The first docs in the World’s Largest Telescopes: Beyond the Milky Way project will be delivered in 2024

Australian factual indie White Spark Pictures is developing a documentary that follows the decade-long construction of the Square Kilometre Array (SKA) telescopes.

Titled The World’s Largest Telescopes: Beyond the Milky Way, the first 2×60’ or 1×90’ instalment will be delivered in 2024, with a further two series planned.

The docuseries will chart the key milestones and discoveries of the SKA telescope project, which brings together astronomers, engineers and scientists from 16 countries to build the world’s largest network of radio telescopes, capable of seeing further into space than ever before.

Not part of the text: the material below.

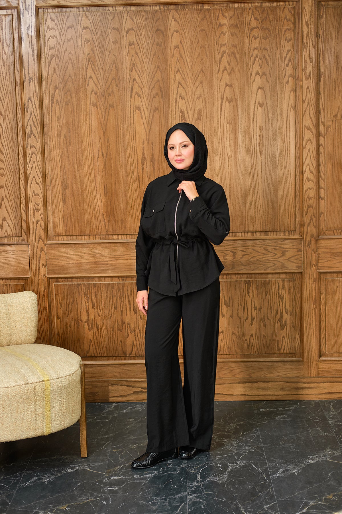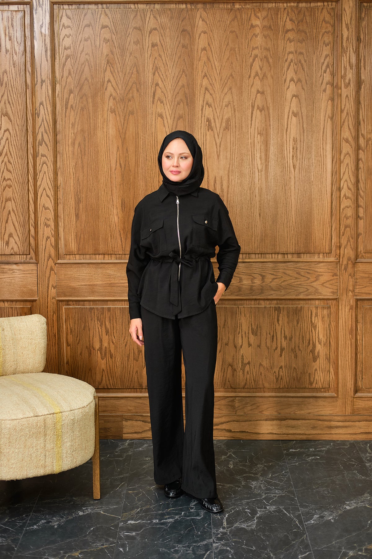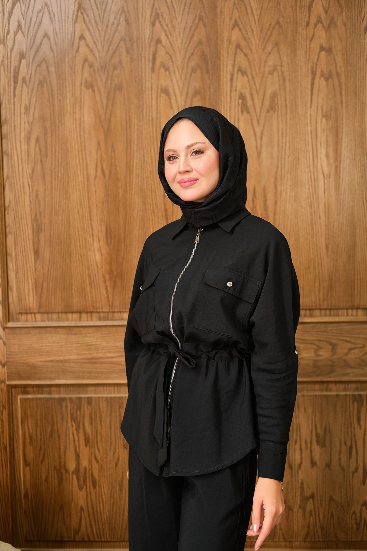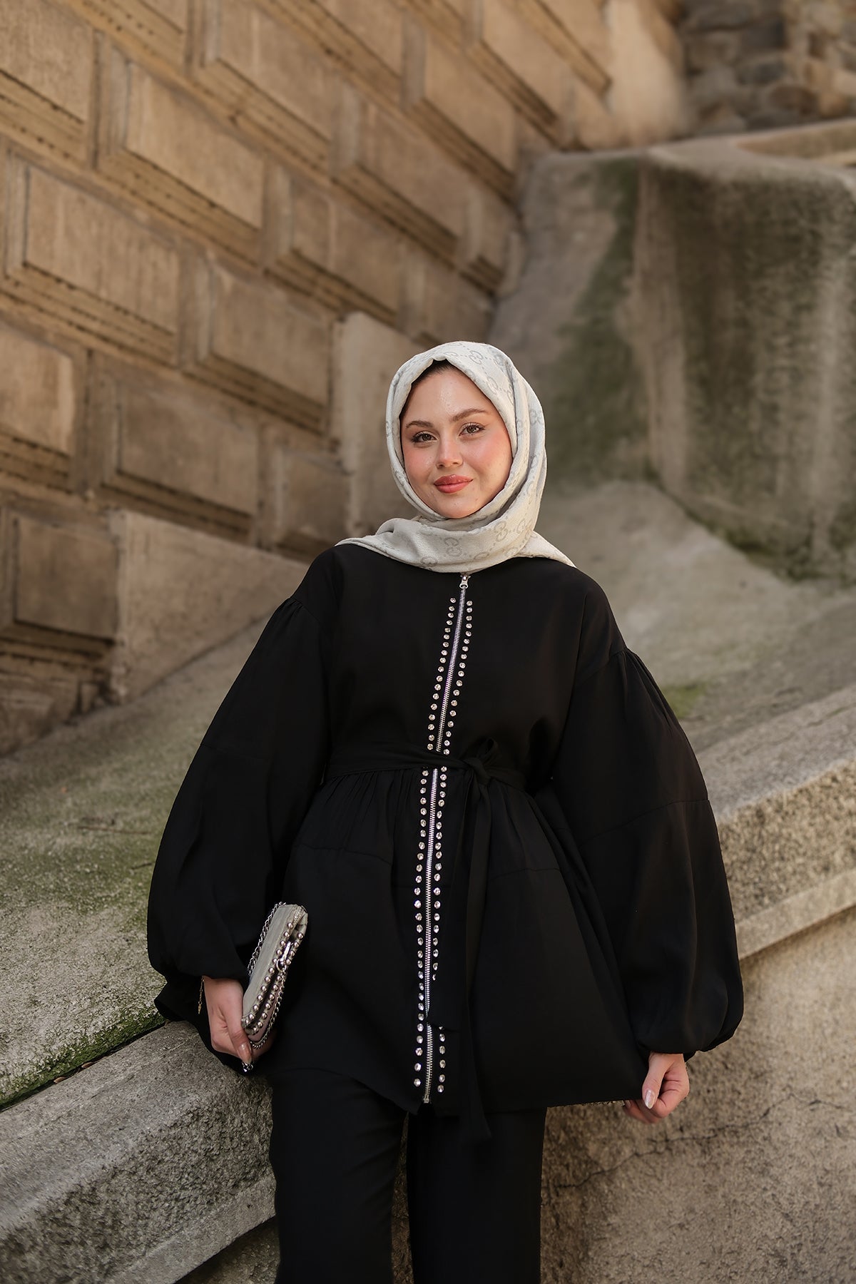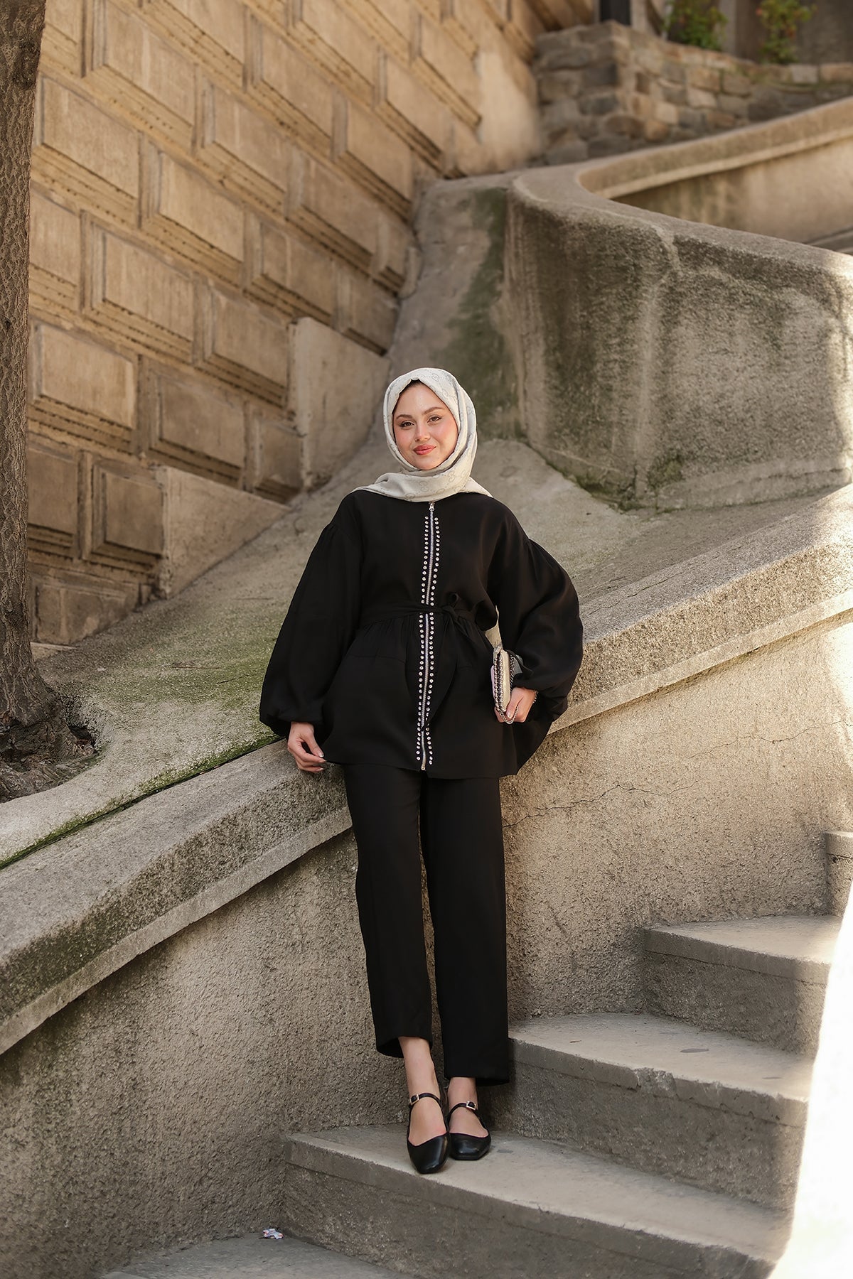 Zippered Two-Piece Set with Stone Details in Black

The project involves the construction of hundreds of radio dishes across Southern Africa and hundreds of thousands of low-frequency antennas in Western Australia, which will enable astronomers to observe the first stars and galaxies to exist in the universe and give humanity its best-ever chance of discovering if there’s life beyond Earth.

After three decades of planning and initial construction activities around the world last year, the project is due to be completed at the end of the decade. White Spark Pictures’ docuseries will have access to the construction sites as well as the SKA Observatory’s headquarters in the UK.

White Spark Pictures’ consultant, Wild Thring Media, will launch the docuseries to broadcasters at the World Congress of Science & Factual Producers in Glasgow next week.

The series follows the prodco’s 30-minute immersive VR film Beyond the Milky Way, which is narrated by British physicist Brian Cox and takes viewers on an immersive tour of CSIRO’s Murchison Radio Astronomy Observatory, one of the Australian sites in the SKA project.

The film premiered in Australia last December and will roll out internationally over the coming months.